Le club de l’ONU, une structure privée, permettait aux diplomates et à leurs invités de se retrouver entre eux, de manger une cuisine internationale, de boire de l’alcool et de regarder les télévisions étrangères.
— O.K., conclut Malko, à sept heures.
— D’ici là, ne regardez pas les femmes dans les yeux. C’est mal vu, vous pourriez vous faire lyncher…
Il s’éloigna vers sa voiture, laissant les deux gorilles encore plus mal à l’aise. Hassan annonça, en lui ouvrant la portière :
— On m’a dit de vous conduire à Taxila, sir, pour une visite des ruines.

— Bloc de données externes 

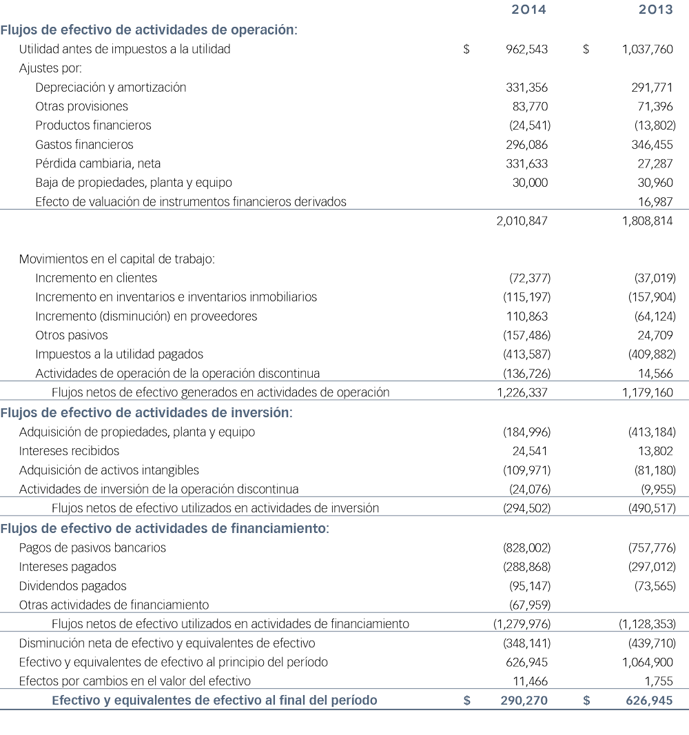 Por los años que terminaron el 31 de diciembre de 2014 y 2013(En miles de pesos)

— Bonne idée, approuva Malko.
Il monta à côté d’Hassan, afin de repérer l’itinéraire. Le jour du kidnapping, ils seraient livrés à eux-mêmes…
*
* *
Les camions au fronton peinturluré, chargés à exploser, passaient leur temps à se doubler comme des fous, dans des concerts de klaxon, sans le moindre souci des voitures. Deux fois, Hassan avait été obligé de rouler sur le bas-côté pour ne pas être écrabouillé par un monstre chargé de billes de bois. L’autoroute Islamabad-Peshawar, c’était le Salaire de la peur… D’ailleurs, elle n’avait d’autoroute que le nom, se réduisant parfois à un unique ruban d’asphalte, poussiéreux et défoncé. Le pire, c’était les cyclistes, complètement incongrus dans cette jungle motorisée, surgissant de partout avec un calme incroyable, juchés sur de hautes bicyclettes noires, souvent sans freins.

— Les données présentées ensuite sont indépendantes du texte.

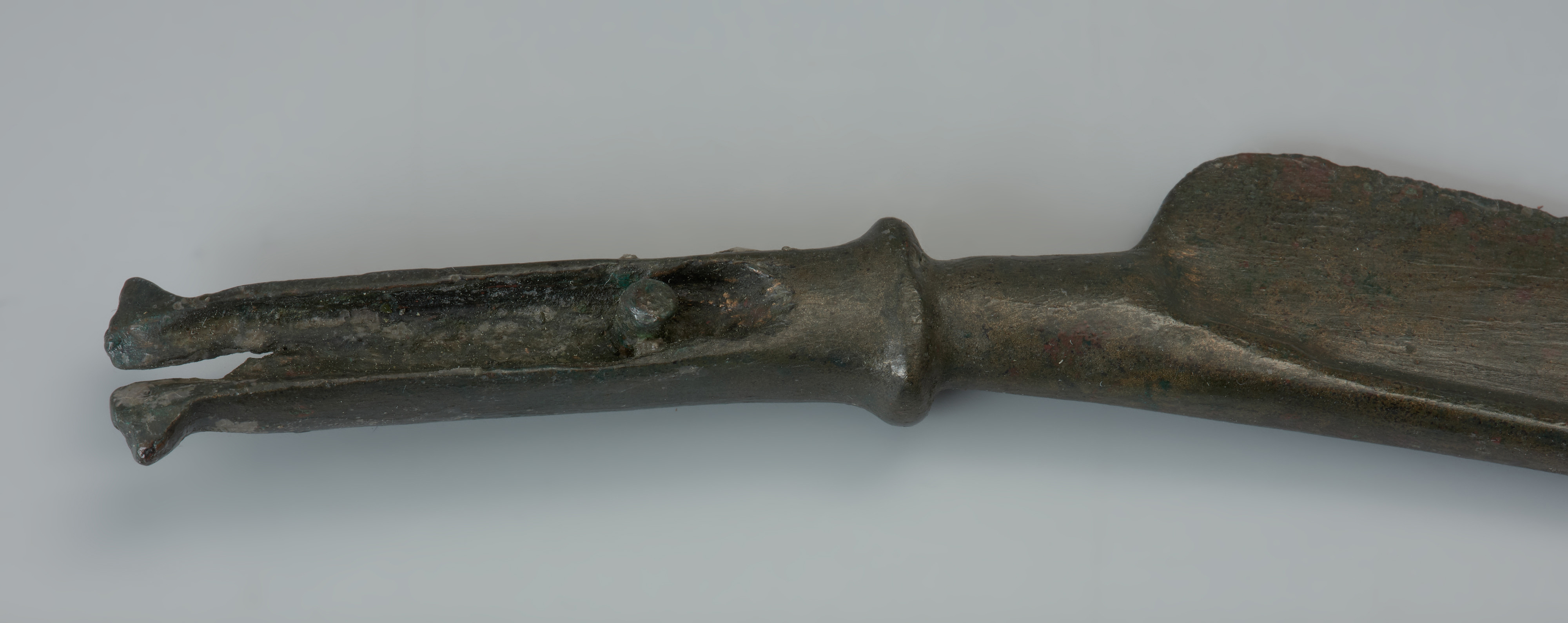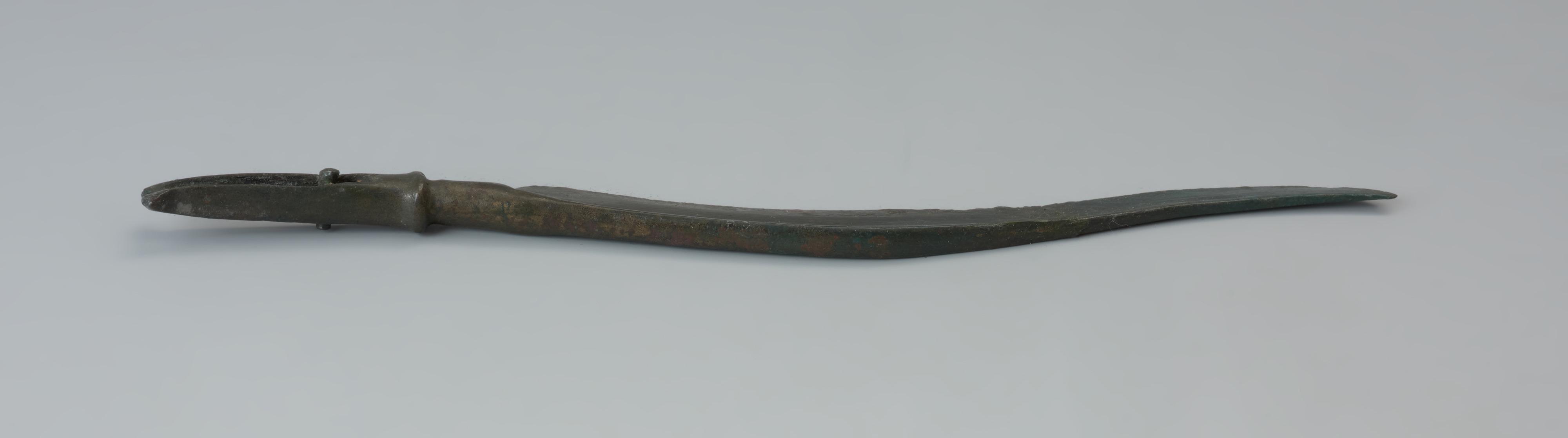 Jest to długi, smukły nóż z efektownie wygiętym ostrzem, zaopatrzony w wąską sztabę do rękojeści, w której zachował się jeden niewielki nit. Przy pomocy takich niewielkich brązowych „kołeczków” do uchwytu przytwierdzona była okładzina, wykonana najpewniej z poroża lub drewna. Nóż pochodzi z grobu kurhanowego odkrytego na początku grudnia 1935 roku w trakcie prac ziemnych w ogrodzie pana Bose. Z powodu silnych mrozów badania wykopaliskowe pod kierunkiem szczecińskiego archeologa Hansa Jürgena Eggersa podjęto dopiero wiosną 1936 roku. W ich wyniku odsłonięte zostały pozostałości prostokątnego bruku kamiennego o wymiarach 3 × 4 m, na którym znajdowały się przepalone szczątki kości ludzkich i dary grobowe – łącznie 62 przedmioty, w tym cztery naczynia gliniane oraz różne wyroby z brązu (m.in. kolia z paciorków, naszyjniki obręczowe, bransolety, szpile, zapinka, noże, szczypczyki, brzytwa, guziki, kółka). Całość przykrywała warstwa kamieni tworząca nasyp. Cały zespół trafił do zbiorów Muzeum Krajowego w Szczecinie (Pommersches Landesmuseum in Stettin), gdzie pozostał do momentu ewakuacji w głąb Niemiec pod koniec drugiej wojny światowej. Obecnie, od 2009 roku, wszystkie zabytki znajdują się w Muzeum Narodowym w Szczecinie. Kurhan z Bań, datowany na 2. połowę IV okresu epoki brązu (lata ok. 1000–900 BC), jest jedynym tego typu znaleziskiem archeologicznym z młodszej epoki brązu na Pomorzu. Z uwagi na bogactwo wyposażenia zyskał w literaturze naukowej miano grobu książęcego. Liczba i jakość darów wskazują, że pochowano w nim osobę o wysokiej randze społecznej. Zabytki brązowe wytworzone zostały w miejscowych pomorskich warsztatach metalurgicznych, ale wzorzec prezentowanego noża wywodzi się z odległej strefy zachodnioalpejskiej.

Quant aux bus, bourrés à craquer de voyageurs abrutis de chaleur, leurs chauffeurs étaient probablement payés à la course. Pied au plancher, ils prenaient tous les risques pour gagner quelques mètres. Le paysage désolé, plat comme la main, aux arbres imbibés de poussière jaunâtre, était noyé d’une brume de chaleur. Parfois, sur un bas-côté, une cabane en planches proposait des boissons sans alcool, des pastèques ou des fruits.

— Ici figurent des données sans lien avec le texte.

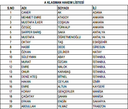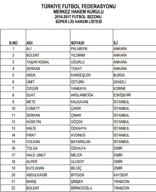 SÜPER LİG YARDIMCI HAKEM LİSTESİ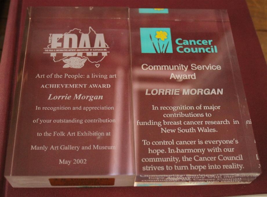 One early one is this from the Cancer Council – a Community Service Award. My early mentor from the China Painting era had a son who was diagnosed with cancer. She taught us to give 10% of what we made from this to the Cancer Council to fund research – so of everything we ever sold this percentage went there.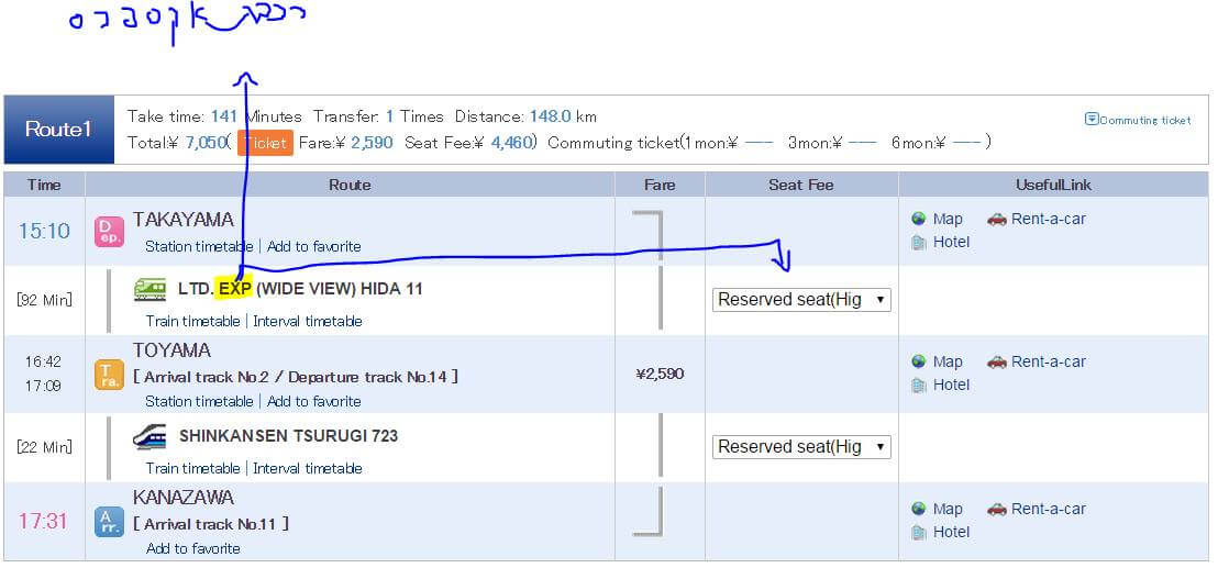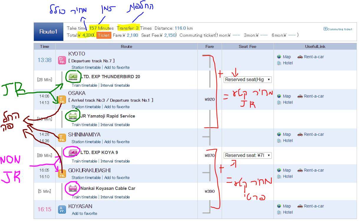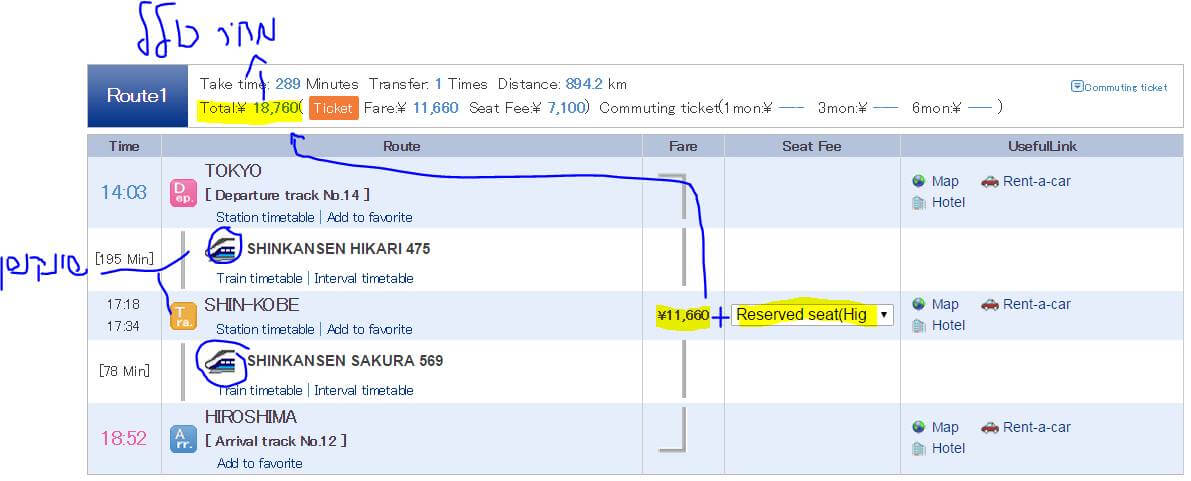 ה. שימו לב למחיר: המחיר הסופי של כל המסלול מופיע בצד שמאל למעלה. אם המסלול מחולק למקטע של JR ומקטע של רכבת פרטית, אז לכל מקטע יופיע בצד ימין המחיר לאותו מקטע *אך מחיר זה אינו כולל את מחיר הreserved seat, שהוא מגולם במחיר הסופי שמופיע למעלה.

Deux camions, décorés jusqu’aux essieux, surchargés d’une montagne humaine se retenant à ses ballots, tentaient de se doubler. Hassan, deux roues sur le bas-côté, dans la Morris à 30°, parvint à prendre le dessus…
— Have to take petrol[39], annonça-t-il.
Ils stoppèrent à une station PSO où se trouvaient déjà des camions et un bus sans vitres plein de passagers hébétés de fatigue, gavés de poussière, avec des regards vides d’animaux. Même les bébés ne criaient pas.
Une demi-heure plus tard, Hassan, après être passé devant la gare de Taxila, arrêta Malko devant le musée, situé en bordure d’une des trois villes en ruines du site, Bhir Mound. L’ensemble du site comprenait les ruines de deux autres villes, Sirkaph et Sirsouk, ainsi qu’un énorme stûpa dédié à Bouddha. Jadis, les invasions s’étaient croisées ici, des Grecs en passant par Darius, jusqu’à Alexandre le Grand. Il ne restait aujourd’hui que des murs ne dépassant guère deux mètres de hauteur, envahis par la végétation, écrasés de chaleur. Situé à trente-deux kilomètres d’Islamabad, Taxila était un lieu de promenade familiale le vendredi, mais désert en semaine.